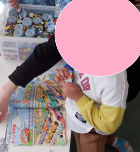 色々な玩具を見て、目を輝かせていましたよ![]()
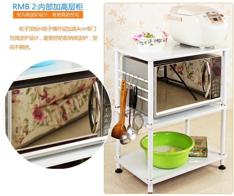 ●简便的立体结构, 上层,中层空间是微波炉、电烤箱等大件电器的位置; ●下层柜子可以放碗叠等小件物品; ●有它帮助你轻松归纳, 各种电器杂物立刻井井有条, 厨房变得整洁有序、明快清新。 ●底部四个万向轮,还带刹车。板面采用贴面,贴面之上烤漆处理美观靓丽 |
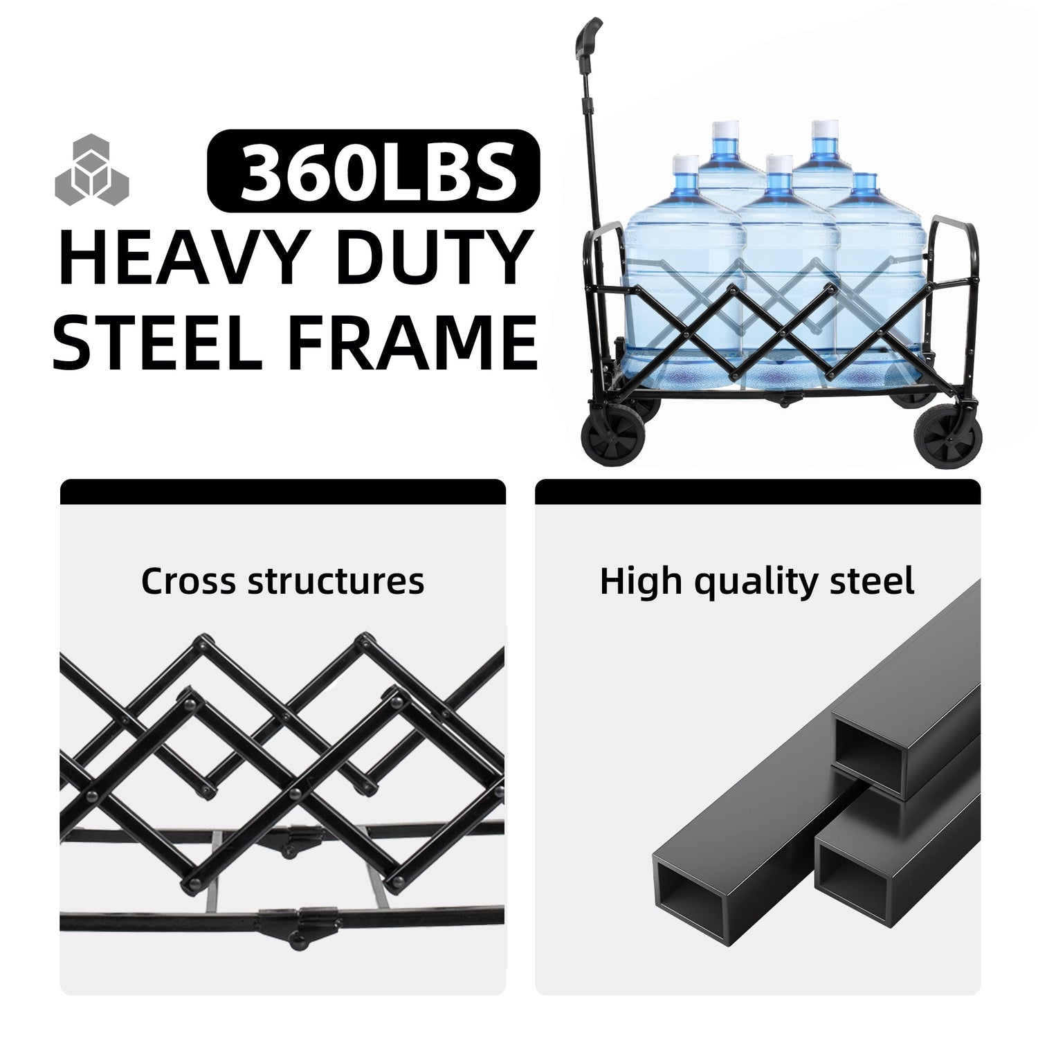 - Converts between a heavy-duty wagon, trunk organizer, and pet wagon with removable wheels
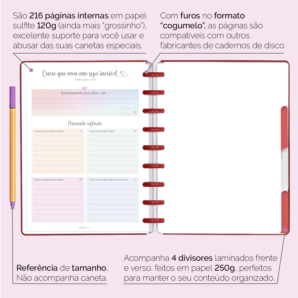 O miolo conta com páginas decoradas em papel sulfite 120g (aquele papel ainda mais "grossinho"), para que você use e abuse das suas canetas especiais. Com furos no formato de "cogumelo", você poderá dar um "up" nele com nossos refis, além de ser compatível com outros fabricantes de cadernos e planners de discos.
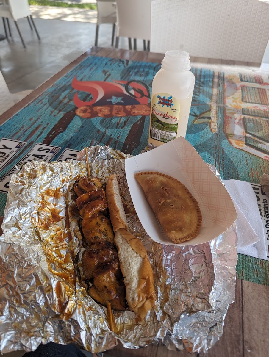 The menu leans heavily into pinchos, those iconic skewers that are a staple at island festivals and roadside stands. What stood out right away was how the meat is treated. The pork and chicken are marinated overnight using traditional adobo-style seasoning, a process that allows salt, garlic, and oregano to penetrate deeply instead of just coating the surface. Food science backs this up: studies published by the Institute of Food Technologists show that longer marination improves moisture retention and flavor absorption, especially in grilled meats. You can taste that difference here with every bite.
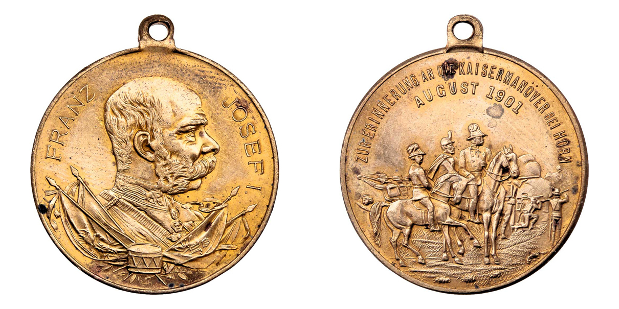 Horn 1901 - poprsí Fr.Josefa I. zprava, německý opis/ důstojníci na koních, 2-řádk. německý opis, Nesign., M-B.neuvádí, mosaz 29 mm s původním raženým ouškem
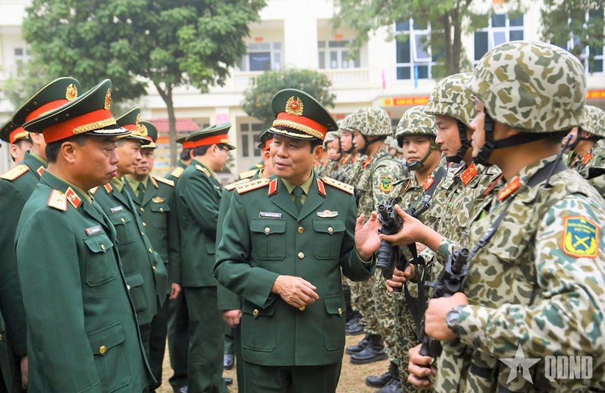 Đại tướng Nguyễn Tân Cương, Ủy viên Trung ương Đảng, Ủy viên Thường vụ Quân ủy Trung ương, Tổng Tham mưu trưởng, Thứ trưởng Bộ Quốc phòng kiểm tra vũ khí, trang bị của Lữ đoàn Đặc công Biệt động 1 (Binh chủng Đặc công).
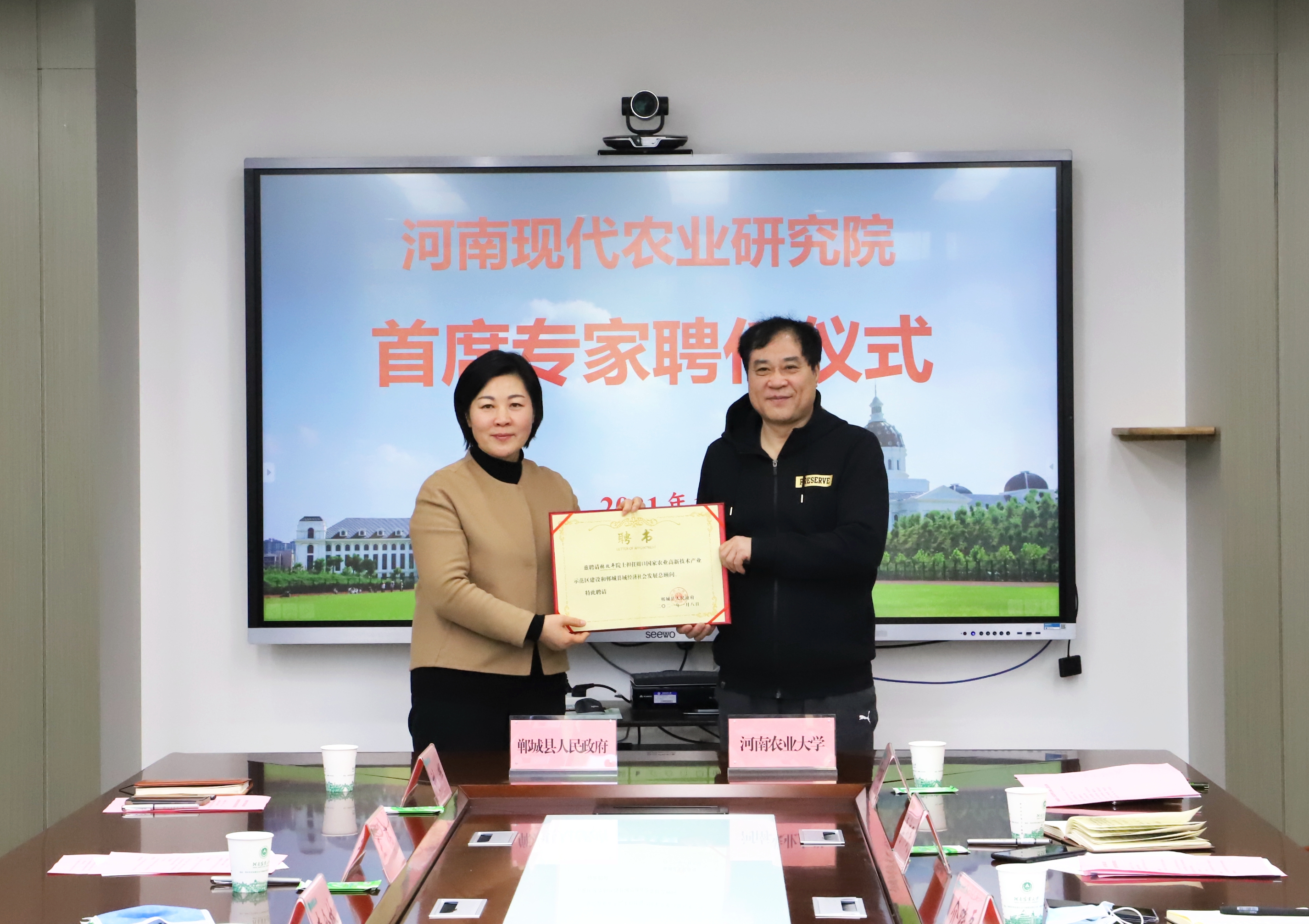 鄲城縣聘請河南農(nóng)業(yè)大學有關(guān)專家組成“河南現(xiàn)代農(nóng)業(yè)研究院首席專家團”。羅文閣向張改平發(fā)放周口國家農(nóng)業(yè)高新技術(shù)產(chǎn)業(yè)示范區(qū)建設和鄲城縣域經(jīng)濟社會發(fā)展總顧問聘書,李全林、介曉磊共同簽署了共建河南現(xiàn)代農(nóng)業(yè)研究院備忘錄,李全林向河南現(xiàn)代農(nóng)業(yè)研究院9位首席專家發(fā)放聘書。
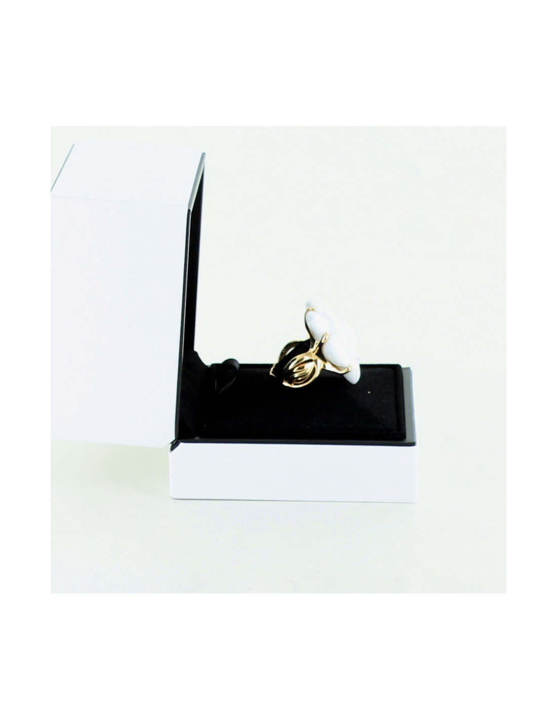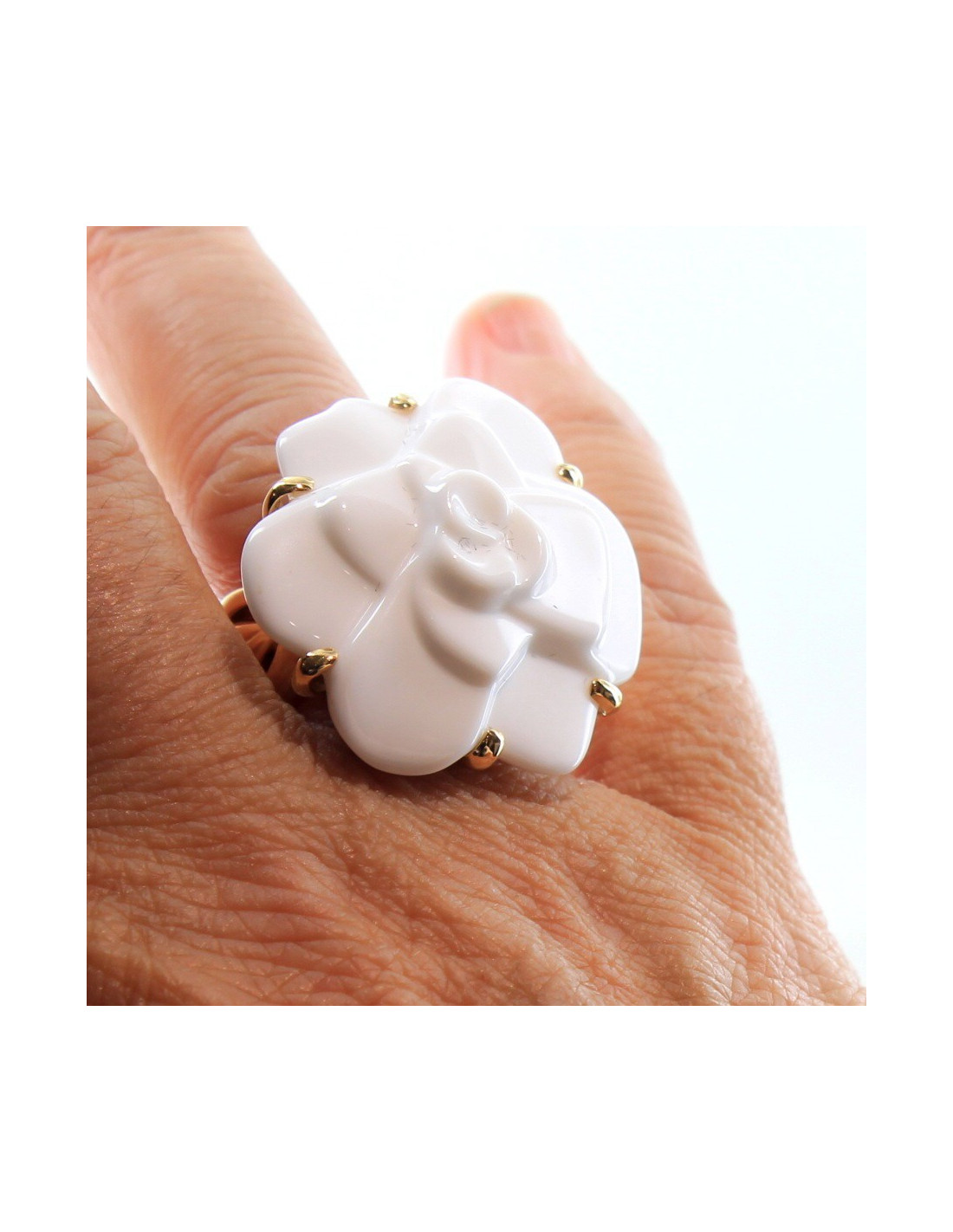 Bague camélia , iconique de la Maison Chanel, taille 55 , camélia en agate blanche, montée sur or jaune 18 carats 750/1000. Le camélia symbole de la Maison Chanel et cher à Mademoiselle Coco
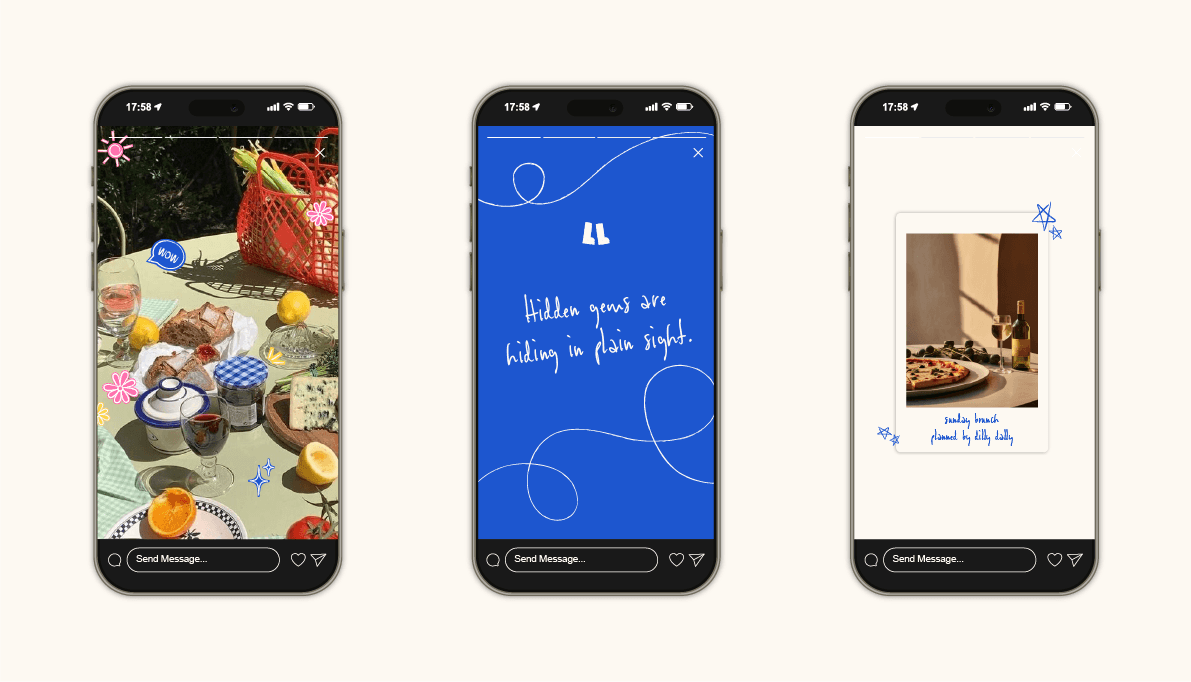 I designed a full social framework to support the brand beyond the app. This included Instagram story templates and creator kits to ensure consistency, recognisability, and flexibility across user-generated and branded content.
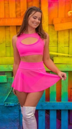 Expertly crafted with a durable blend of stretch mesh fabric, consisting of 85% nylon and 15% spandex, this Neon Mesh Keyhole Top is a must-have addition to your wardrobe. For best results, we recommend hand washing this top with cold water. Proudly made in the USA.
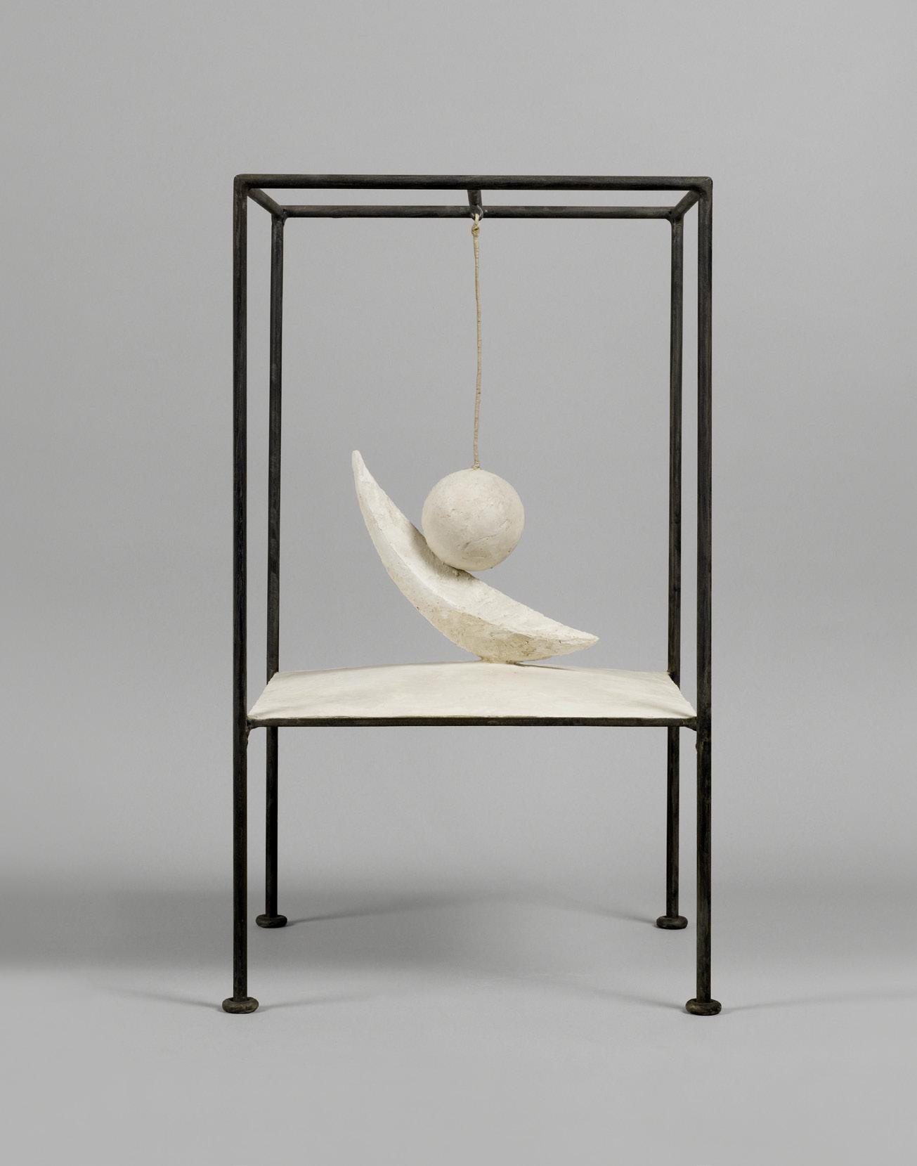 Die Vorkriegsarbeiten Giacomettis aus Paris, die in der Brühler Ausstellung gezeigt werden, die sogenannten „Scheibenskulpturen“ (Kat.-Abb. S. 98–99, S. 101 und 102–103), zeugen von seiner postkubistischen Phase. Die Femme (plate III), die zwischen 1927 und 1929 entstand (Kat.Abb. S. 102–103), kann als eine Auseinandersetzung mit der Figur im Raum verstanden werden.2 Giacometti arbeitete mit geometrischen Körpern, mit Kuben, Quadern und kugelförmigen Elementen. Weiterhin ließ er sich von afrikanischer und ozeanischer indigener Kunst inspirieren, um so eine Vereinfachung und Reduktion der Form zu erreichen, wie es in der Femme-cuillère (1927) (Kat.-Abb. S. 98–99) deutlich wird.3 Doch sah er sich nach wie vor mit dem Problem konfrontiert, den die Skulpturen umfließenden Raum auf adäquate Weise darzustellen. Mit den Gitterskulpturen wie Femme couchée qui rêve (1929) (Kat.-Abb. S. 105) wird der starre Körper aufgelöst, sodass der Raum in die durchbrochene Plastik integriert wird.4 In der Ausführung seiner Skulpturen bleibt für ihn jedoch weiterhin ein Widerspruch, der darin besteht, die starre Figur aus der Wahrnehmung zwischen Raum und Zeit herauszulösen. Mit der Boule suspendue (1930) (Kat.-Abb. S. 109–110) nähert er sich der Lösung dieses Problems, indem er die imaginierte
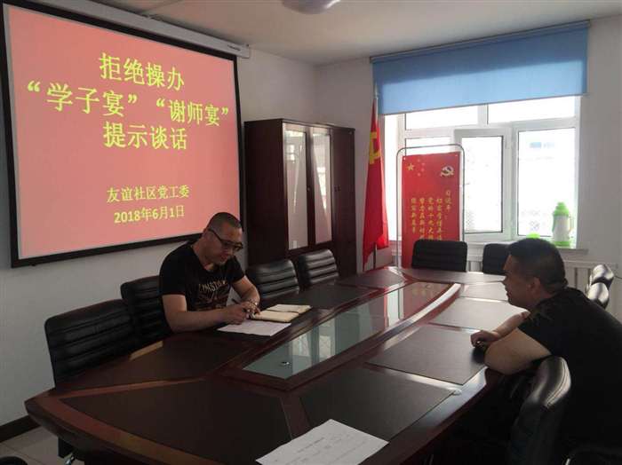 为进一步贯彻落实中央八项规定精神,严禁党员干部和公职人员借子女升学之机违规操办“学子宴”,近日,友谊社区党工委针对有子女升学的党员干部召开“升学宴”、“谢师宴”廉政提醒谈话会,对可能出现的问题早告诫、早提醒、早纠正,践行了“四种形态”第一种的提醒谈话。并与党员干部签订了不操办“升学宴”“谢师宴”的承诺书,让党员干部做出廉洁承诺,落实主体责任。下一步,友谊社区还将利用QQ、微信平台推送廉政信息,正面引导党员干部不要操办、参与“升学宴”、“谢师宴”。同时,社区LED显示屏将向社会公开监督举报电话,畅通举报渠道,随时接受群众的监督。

= = = = = = =

Work required
What you return from the records above should be exactly everything from the line with "O miolo conta" down to the line with "Horn 1901 - poprsí", both kept, and no pictures.

Written reply
 O miolo conta com páginas decoradas em papel sulfite 120g (aquele papel ainda mais "grossinho"), para que você use e abuse das suas canetas especiais. Com furos no formato de "cogumelo", você poderá dar um "up" nele com nossos refis, além de ser compatível com outros fabricantes de cadernos e planners de discos.
 The menu leans heavily into pinchos, those iconic skewers that are a staple at island festivals and roadside stands. What stood out right away was how the meat is treated. The pork and chicken are marinated overnight using traditional adobo-style seasoning, a process that allows salt, garlic, and oregano to penetrate deeply instead of just coating the surface. Food science backs this up: studies published by the Institute of Food Technologists show that longer marination improves moisture retention and flavor absorption, especially in grilled meats. You can taste that difference here with every bite.
 Horn 1901 - poprsí Fr.Josefa I. zprava, německý opis/ důstojníci na koních, 2-řádk. německý opis, Nesign., M-B.neuvádí, mosaz 29 mm s původním raženým ouškem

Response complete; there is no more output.